## Recorded data:
*** Block opens ***
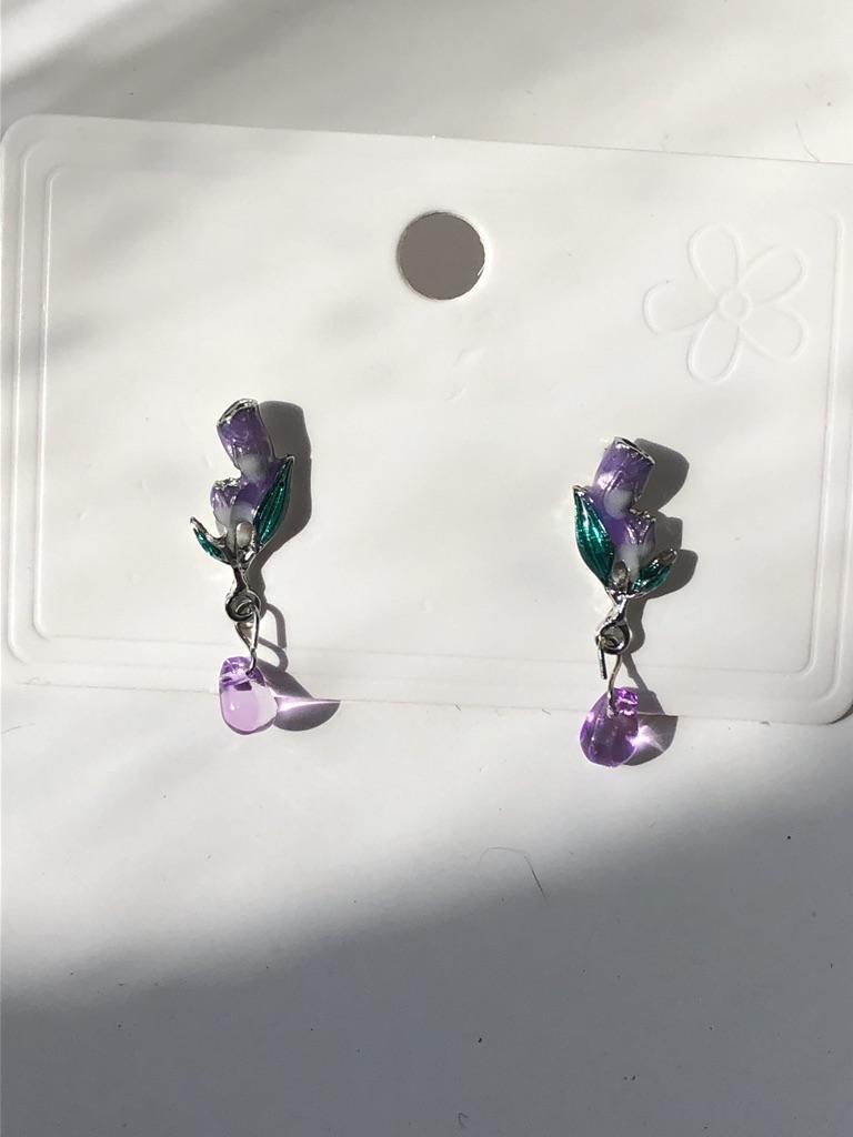 Pinkdudu Sweet Purple Tulip Drop Earrings Romantic Cute Enamel Flower Earring for Women Jewelry Gifts PD1518
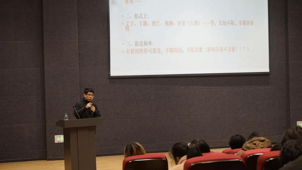李志峰从“新时期的媒体与党报”“校园日常新闻的挖掘”“校园日常新闻稿的采写技巧”以及“新闻观的塑造”四个方面开展讲座培训。
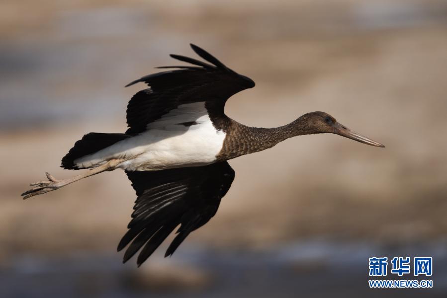 12月6日,一只黑鸛在西寧市北川河濕地公園內(nèi)嬉戲。近日,位于青海省西寧市的北川河濕地公園迎來兩只黑鸛。黑鸛屬鸛形目、鸛科,國家一級保護動物,目前全世界僅存3000只左右,屬于國寶級珍禽。新華社記者吳剛攝
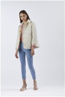 Piumino a maniche lunghe con trapuntatura a rombi realizzato in un nylon impalpabile dalla finitura opaca. il capo è reversibile: da un lato la tinta unita e dall'altro una stampa floreale iconica della collezione estiva
*** Block closes ***
## Try it:
When you repeat the data, keep every line exact and drop the images.

## Answer below:
 Pinkdudu Sweet Purple Tulip Drop Earrings Romantic Cute Enamel Flower Earring for Women Jewelry Gifts PD1518
李志峰从“新时期的媒体与党报”“校园日常新闻的挖掘”“校园日常新闻稿的采写技巧”以及“新闻观的塑造”四个方面开展讲座培训。
 12月6日,一只黑鸛在西寧市北川河濕地公園內(nèi)嬉戲。近日,位于青海省西寧市的北川河濕地公園迎來兩只黑鸛。黑鸛屬鸛形目、鸛科,國家一級保護動物,目前全世界僅存3000只左右,屬于國寶級珍禽。新華社記者吳剛攝
 Piumino a maniche lunghe con trapuntatura a rombi realizzato in un nylon impalpabile dalla finitura opaca. il capo è reversibile: da un lato la tinta unita e dall'altro una stampa floreale iconica della collezione estiva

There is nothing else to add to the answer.